**Given entries**.
--- START ---
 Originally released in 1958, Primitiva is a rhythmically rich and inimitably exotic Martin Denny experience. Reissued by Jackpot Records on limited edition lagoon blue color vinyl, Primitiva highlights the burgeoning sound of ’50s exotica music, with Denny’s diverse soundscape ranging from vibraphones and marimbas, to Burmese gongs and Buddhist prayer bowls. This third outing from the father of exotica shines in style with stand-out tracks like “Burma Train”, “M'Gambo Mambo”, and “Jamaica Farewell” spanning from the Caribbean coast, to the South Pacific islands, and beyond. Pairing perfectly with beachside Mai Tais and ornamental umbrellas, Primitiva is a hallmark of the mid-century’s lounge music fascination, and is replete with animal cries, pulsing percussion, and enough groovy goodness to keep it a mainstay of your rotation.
--- END ---
--- START ---
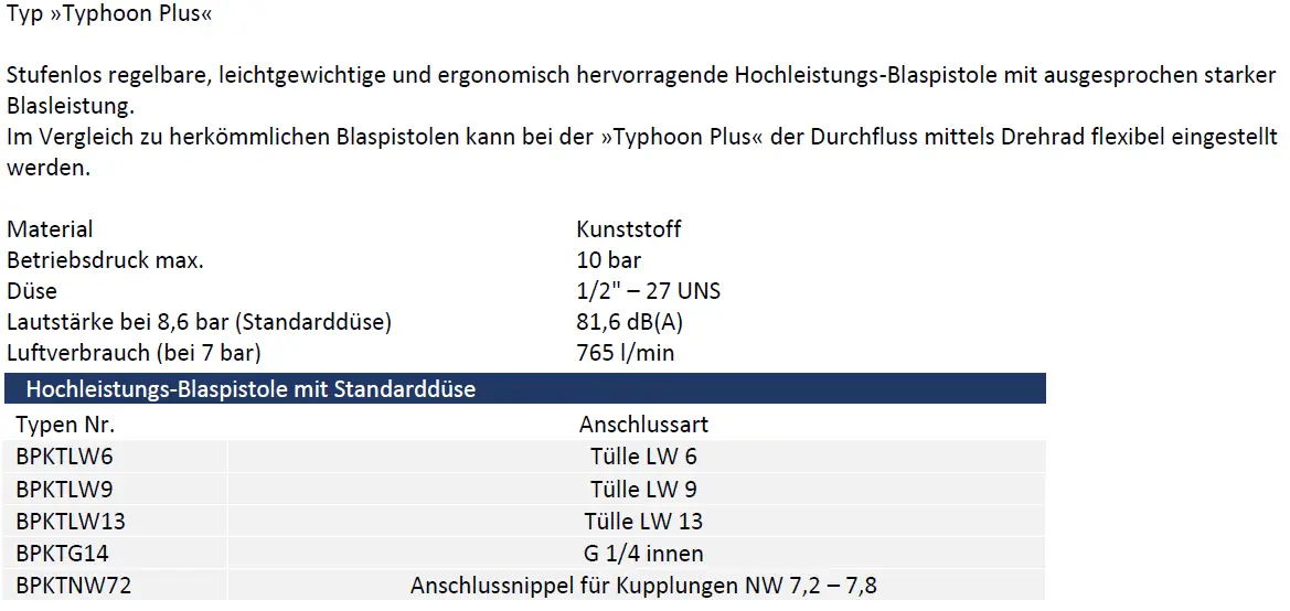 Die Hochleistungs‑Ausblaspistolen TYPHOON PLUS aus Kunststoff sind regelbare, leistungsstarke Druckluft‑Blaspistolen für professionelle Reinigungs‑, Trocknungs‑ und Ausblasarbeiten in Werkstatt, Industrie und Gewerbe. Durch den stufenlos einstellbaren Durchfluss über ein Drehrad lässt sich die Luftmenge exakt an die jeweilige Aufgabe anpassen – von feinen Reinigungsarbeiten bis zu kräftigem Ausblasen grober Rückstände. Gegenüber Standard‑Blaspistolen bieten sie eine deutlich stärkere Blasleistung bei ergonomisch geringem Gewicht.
--- END ---
--- START ---
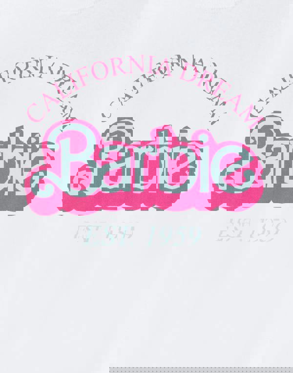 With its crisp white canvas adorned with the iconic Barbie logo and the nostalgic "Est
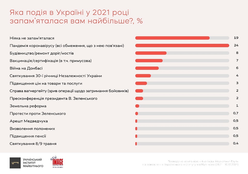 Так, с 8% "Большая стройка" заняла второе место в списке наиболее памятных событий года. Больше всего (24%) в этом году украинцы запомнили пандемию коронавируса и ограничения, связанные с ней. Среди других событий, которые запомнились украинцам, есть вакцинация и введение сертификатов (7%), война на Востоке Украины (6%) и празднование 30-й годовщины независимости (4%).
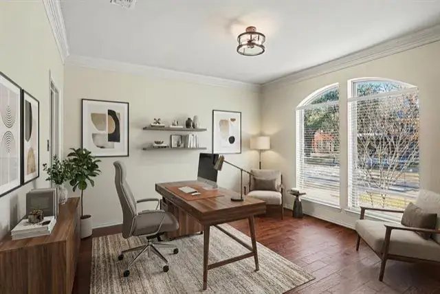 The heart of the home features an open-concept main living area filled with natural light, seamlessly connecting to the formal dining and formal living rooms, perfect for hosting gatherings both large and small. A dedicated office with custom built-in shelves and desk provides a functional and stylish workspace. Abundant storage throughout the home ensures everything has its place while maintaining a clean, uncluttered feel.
--- END ---
**Task requirements**. When you reach the line with "годовщины независимости (4%)." in the records above, start writing out each line exactly, and stop after the line with "The heart of". Pictures stay out.

**Your response**.
 Так, с 8% "Большая стройка" заняла второе место в списке наиболее памятных событий года. Больше всего (24%) в этом году украинцы запомнили пандемию коронавируса и ограничения, связанные с ней. Среди других событий, которые запомнились украинцам, есть вакцинация и введение сертификатов (7%), война на Востоке Украины (6%) и празднование 30-й годовщины независимости (4%).
 The heart of the home features an open-concept main living area filled with natural light, seamlessly connecting to the formal dining and formal living rooms, perfect for hosting gatherings both large and small. A dedicated office with custom built-in shelves and desk provides a functional and stylish workspace. Abundant storage throughout the home ensures everything has its place while maintaining a clean, uncluttered feel.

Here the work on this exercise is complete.